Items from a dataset
◆ ◆ ◆ ◆ ◆

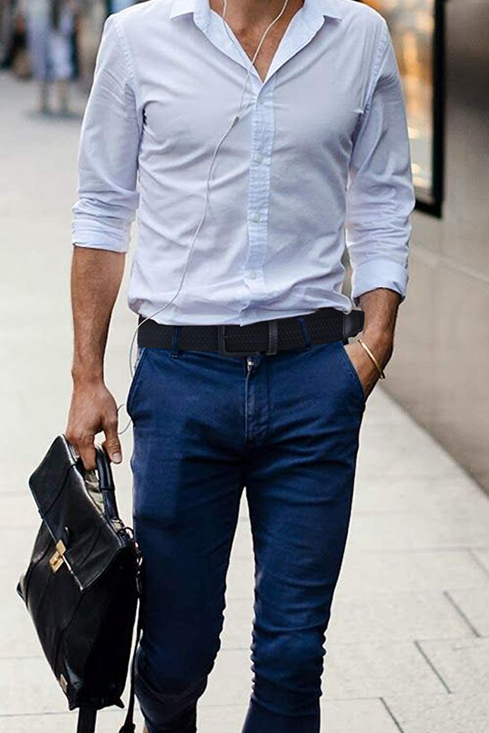 Q: Will this elastic belt be too tight to be uncomfortable? A: Of course not. The tightly braided web belt is heavy and thick for strength and comfort. With this simple pin buckle and elasticated design, you can fix the firmly at any length. Essential accessory fits in well with any types of jeans, trouser and pants.
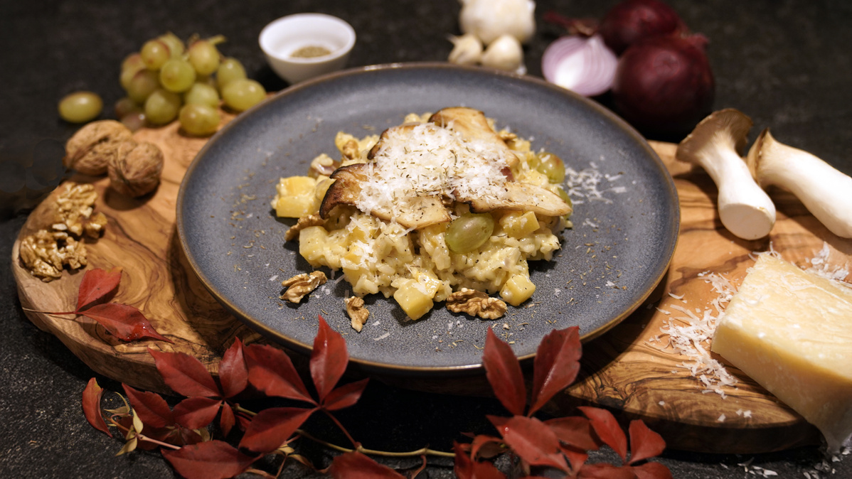 Trauben halbieren und unterheben. Das Risotto kurz ruhen lassen.
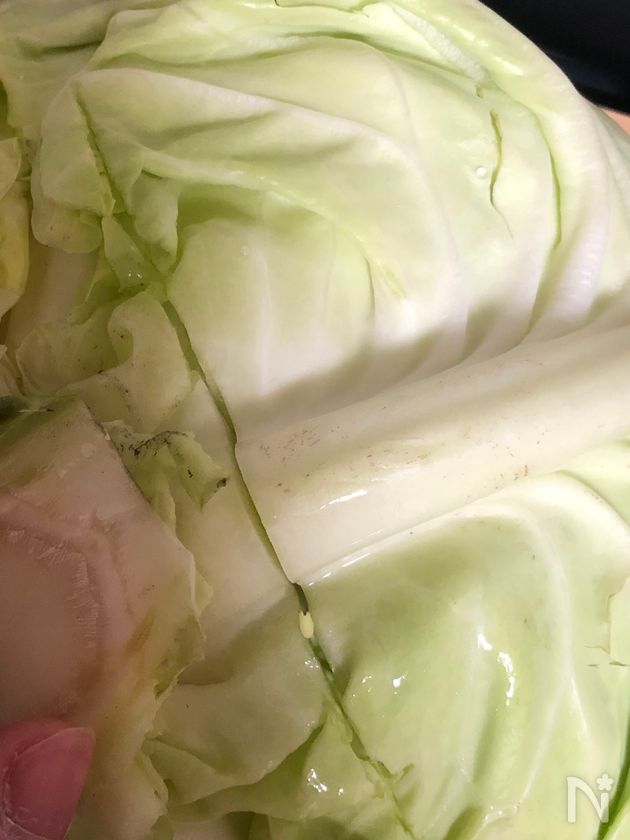 (1) キャベツの葉を6~8枚剥ぐ。(大きめの葉)
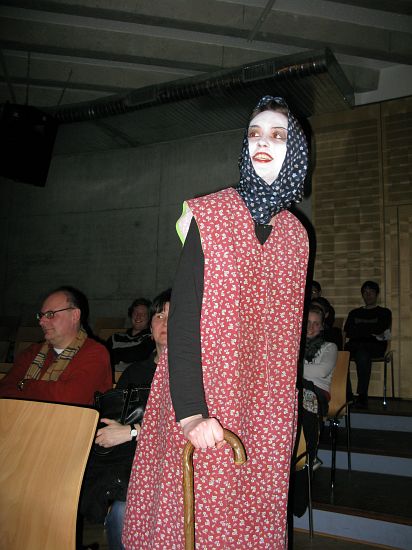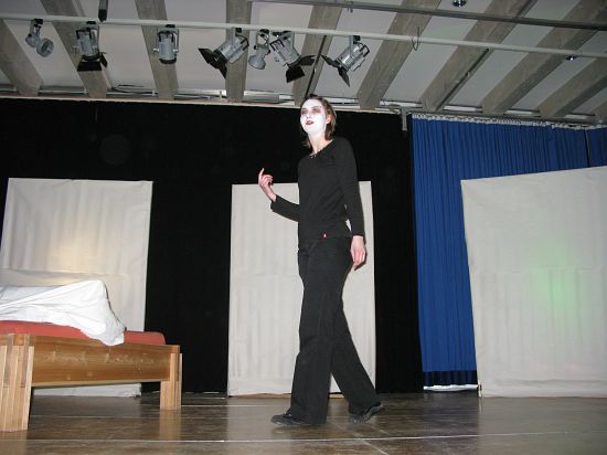 Wie, so fragt man sich, kommt in diesem dekadenten Reigen der Doppelmoral die Moral ins Spiel? Die Schüler im Kurs hatten ein Problem: Das Stück hat zehn Rollen, der Kurs hat elf Mitglieder. Der Kurs sah dies als echte Herausforderung, in die Dramaturgie des Stückes kreativ einzugreifen, und hat eine „elfte Rolle“ entworfen und perfekt ausgebaut – die Moral. Antonia Schultes hat sie „in vielerlei Personen“, nicht nur als alte Hexe, wunderbar flexibel und wandelbar verkörpert, und sie bietet jetzt endlich die Gelegenheit, mit der Begierde des Begeisterten über die Schauspieler herzufallen.
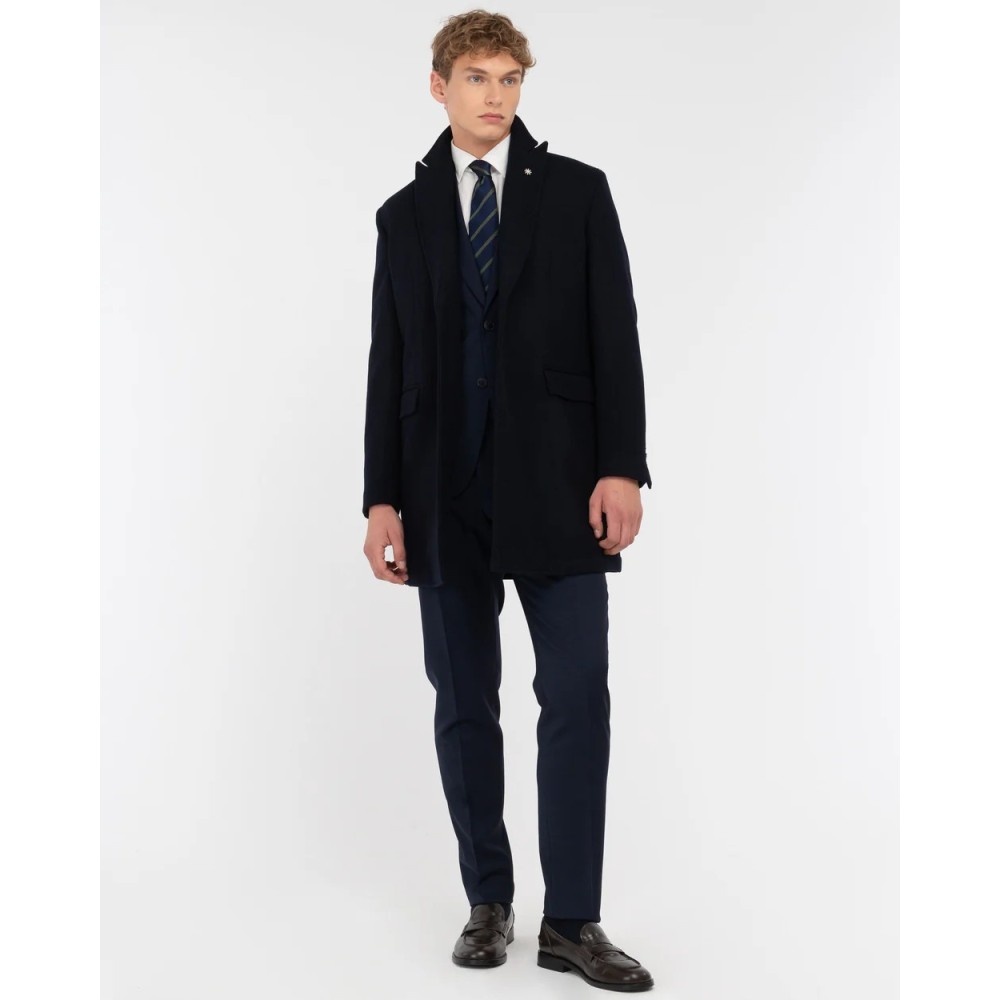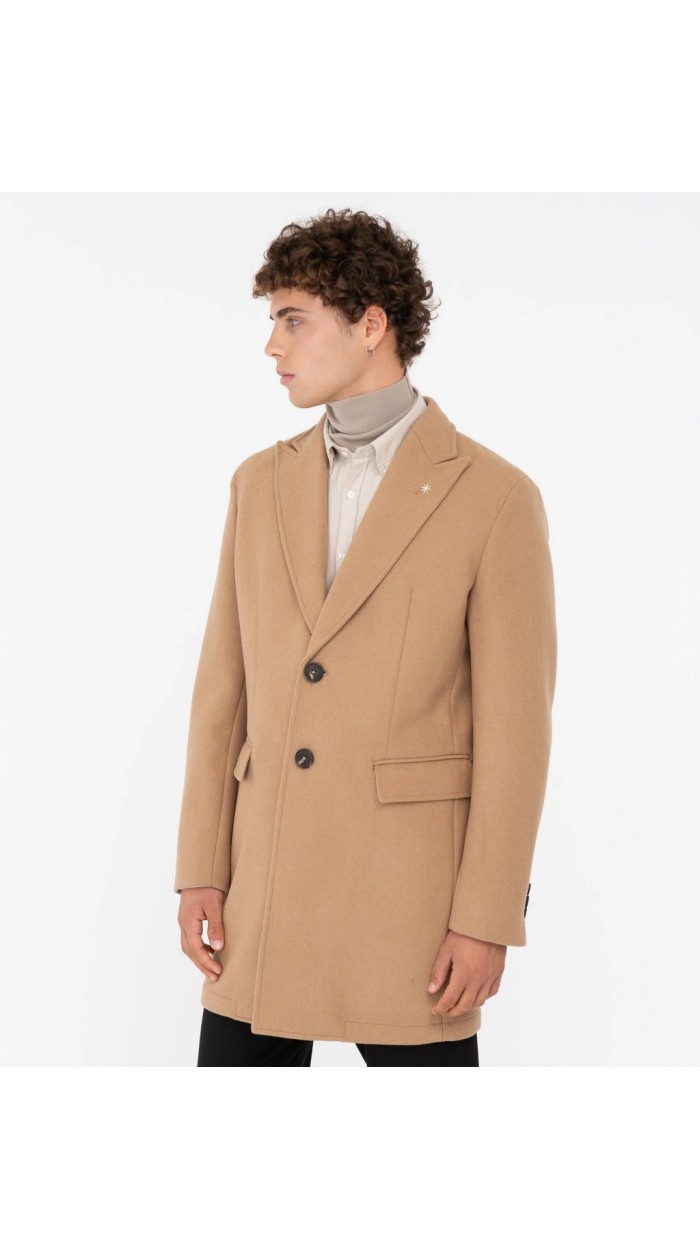 Nuvola coat, unlined, two-button closure, peak lapel, two front flap pockets, four buttons at the cuffs, topstitched trim. Wool blend fabric.
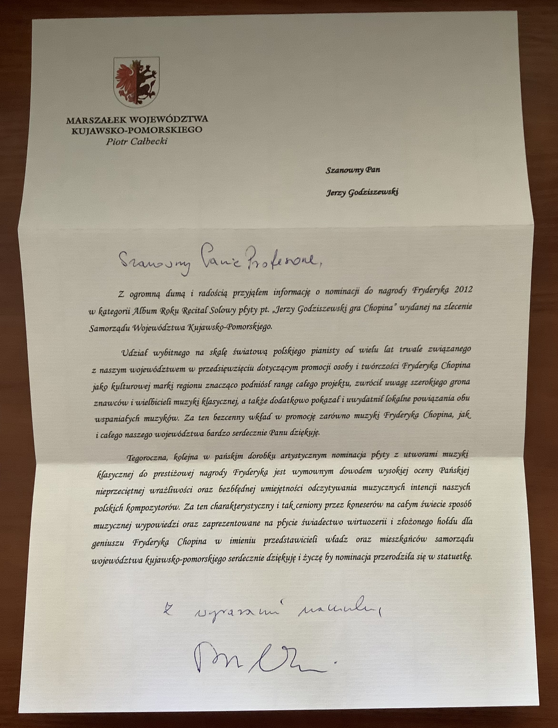 Gratulacje dla Jerzego Godziszewskiego za nominację do Nagrody Akademii Fonograficznej Fryderyk 2012 od Marszałka Województwa Kujawsko-Pomorskiego Piotra Cełbeckiego.

◆ ◆ ◆ ◆ ◆

WHAT IS REQUIRED >> Leave out the images and copy every record above exactly.

RESULT >>
 Q: Will this elastic belt be too tight to be uncomfortable? A: Of course not. The tightly braided web belt is heavy and thick for strength and comfort. With this simple pin buckle and elasticated design, you can fix the firmly at any length. Essential accessory fits in well with any types of jeans, trouser and pants.
 Trauben halbieren und unterheben. Das Risotto kurz ruhen lassen.
 (1) キャベツの葉を6~8枚剥ぐ。(大きめの葉)
 Wie, so fragt man sich, kommt in diesem dekadenten Reigen der Doppelmoral die Moral ins Spiel? Die Schüler im Kurs hatten ein Problem: Das Stück hat zehn Rollen, der Kurs hat elf Mitglieder. Der Kurs sah dies als echte Herausforderung, in die Dramaturgie des Stückes kreativ einzugreifen, und hat eine „elfte Rolle“ entworfen und perfekt ausgebaut – die Moral. Antonia Schultes hat sie „in vielerlei Personen“, nicht nur als alte Hexe, wunderbar flexibel und wandelbar verkörpert, und sie bietet jetzt endlich die Gelegenheit, mit der Begierde des Begeisterten über die Schauspieler herzufallen.
 Nuvola coat, unlined, two-button closure, peak lapel, two front flap pockets, four buttons at the cuffs, topstitched trim. Wool blend fabric.
 Gratulacje dla Jerzego Godziszewskiego za nominację do Nagrody Akademii Fonograficznej Fryderyk 2012 od Marszałka Województwa Kujawsko-Pomorskiego Piotra Cełbeckiego.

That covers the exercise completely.